The concept of a switched reluctance motor (SRM) has been around for 180 years, but until recently it has only occasionally been used in industrial applications because of the complex circuitry required to control it. Over the last decade or so, high-powered microcontroller integrated circuits and computationally intensive control strategies have made SRMs more viable. A remaining challenge is the tendency of the SRM to emit considerable noise during its operation. This noise is unacceptable in applications such as luxury passenger cars, tactical vehicles and other machines in harsh environments.

Leveraging the ANSYS Startup Program, Continuous Solutions engineers address these challenges by producing virtual prototypes of prospective SRM designs in ANSYS Maxwell electromagnetic field simulation software. They model their control algorithm in Simplorer, Maxwell’s system simulation feature, and tune the algorithm to cancel out torque ripple, which substantially reduces the overall motor noise and vibration.


circuit and SRM

Asymmetric bridge converter circuit diagram (top) and resulting SRM waveforms


The SRM operates based on magnetic flux. Magnetic fields are analogous to electrical current and prefer to travel in the path of least magnetic resistance or flux. This explains why low-reluctance materials such as iron and steel have a strong tendency to align to a magnetic field. The SRM uses phased windings on its stator, and its rotor is made of a low-reluctance material with alternating zones of high and low reluctance. When power is applied to the stator windings, the rotor’s magnetic reluctance generates a force that attempts to align the rotor pole — the low-reluctance peak — with the nearest stator pole. The SRM maintains rotation by switching the stator windings successively on and off so that the magnetic field of the stator causes the rotor to rotate.

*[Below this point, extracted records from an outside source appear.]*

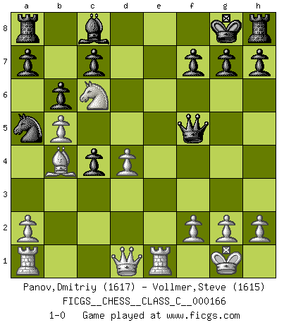 Last move : 1-0 2011 January 3 22:16:15 [Event "FICGS__CHESS__CLASS_C__000166"] [Site "FICGS"] [Date "2010.12.29"] [Round "1"] [White "Panov,Dmitriy"] [Black "Vollmer,Steve"] [Result "1-0"] [WhiteElo "1617"] [BlackElo "1615"] 1.e4 e5 2.Nf3 Nc6 3.Bc4 Bc5 4.c3 Nf6 5.d4 exd4 6.cxd4 Bb4+ 7.Nc3 Nxe4 8.O-O Nxc3 9.bxc3 d5 10.cxb4 dxc4 11.Re1+ Kf8 12.b5 Na5 13.Ba3+ Kg8 14.Be7 Qd7 15.Bb4 b6 16.Ne5 Qf5 17.Nc6 1-0 Giuoco Piano : Greco's attack Kingside Castling by player White (move 8) Player White won this chess game. Follow this game move after move (download)You are for me the Queen on d8 and I am the Pawn on d7 !! (Eduard Gufeld) Es ist besser die Steine des Gegners zu opfern. (Savielly Grigorievitsch Tartakower) Las combinaciones han sido siempre el aspecto más intrigante del Ajedrez. Los Maestros las buscan, el público las aplauden, los críticos las alaban. La razón se debe a que las combinaciones hacen posible que el Ajedrez sea más que un ejercicio matemático con una carencia de vida. Ellas son la poesía del juego, son del Ajedrez lo que la melodía es de la música. Ellas representan el triunfo de la mente sobre la materia. (Reuben Fine) Shah mat. Le roi est mort. Cri de fierté d'un joueur venant de terrasser son adversaire, courtoisement, sans effusion de sang. Men should grow up. - Yeah. And dogs should stop licking themselves. It's not gonna happen. (Gregory House to Dr. Cameron, House M.D.)
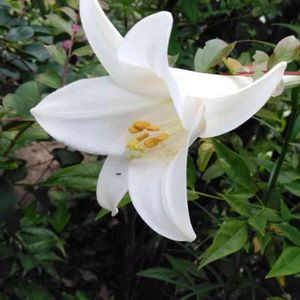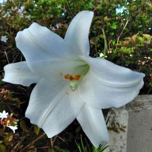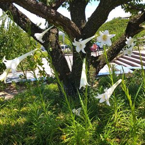 庭の隅にタカサゴユリが。茎の長さと花の長さが同じくらい‼️頑張って咲いたんですね😊
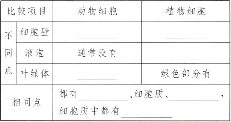 【易错提醒】区分动物细胞和植物细胞主要是看有无细胞壁和液泡,而不是叶绿体,因为植物非绿色部分的细胞中也没有叶绿体。

The rotor can be made from a solid block of steel or built up from thin steel stampings with notches for the magnetic poles. The elimination of permanent magnets and windings on the rotor makes the SRM considerably less expensive to produce than conventional permanent magnet electric motors. The rotor carries no current, so there is no need for a commutator and armature coils as in a DC motor, nor for a cast-metal squirrel cage as in an induction motor. Furthermore, the elimination of permanent magnets and rotor windings enables the SRM to operate at higher ambient temperatures — a valuable attribute in vehicle traction motors.

SRM model
Model of SRM geometry in ANSYS Maxwell
magnetic flux simulation
Magnetic flux plotted by ANSYS Maxwell on a cross section of rotor


One of the greatest challenges in designing SRMs is that the inductance of each phase is proportional to the degree of alignment with the rotor poles. Excessive vibration and acoustic noise are generated due to structural deformation and magnetic torque harmonics resulting from the stator–rotor interaction. Adding to this issue is the relative acute change in inductance as a function of rotor position and nonlinear control.

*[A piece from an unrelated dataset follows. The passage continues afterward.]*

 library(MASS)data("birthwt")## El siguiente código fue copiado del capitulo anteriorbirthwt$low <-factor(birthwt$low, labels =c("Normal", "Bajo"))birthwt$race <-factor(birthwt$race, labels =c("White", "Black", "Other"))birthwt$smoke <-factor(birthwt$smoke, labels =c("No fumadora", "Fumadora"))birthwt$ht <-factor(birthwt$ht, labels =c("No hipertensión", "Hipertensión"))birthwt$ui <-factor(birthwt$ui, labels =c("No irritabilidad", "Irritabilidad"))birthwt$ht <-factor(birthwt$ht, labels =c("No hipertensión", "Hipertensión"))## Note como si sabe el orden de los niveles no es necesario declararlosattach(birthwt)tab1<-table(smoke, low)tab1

These interactions manifest as changes in torque known as torque ripple. Torque ripple can also be caused by mechanical issues such as imbalances in the rotor or stator. The result is vibrations that generate noise and can reduce the life of the motor.

In designing a new traction drive motor, Continuous Solutions’ goal is to create a motor and drive that are less expensive and that can operate at higher temperatures than conventional permanent magnet motors while meeting efficiency, power density and noise targets equal to permanent magnet motors. Continuous Solutions engineers began by utilizing an in-house custom multi-objective 3D magnetic equivalent circuit (MEC) optimization program to speed the process of exploring the design space and identifying promising designs for further investigation. This program uses a genetic algorithm to explore various design parameters such as stator tooth height, excitation current and number of pole pairs, while iterating toward improvements in design objectives such as higher efficiency and lower mass.

flux linkage
ANSYS Maxwell results show flux linkage as a function of rotor position at various loads.
torque vs. rotor position
ANSYS Maxwell results show torque as a function of rotor position at various loads.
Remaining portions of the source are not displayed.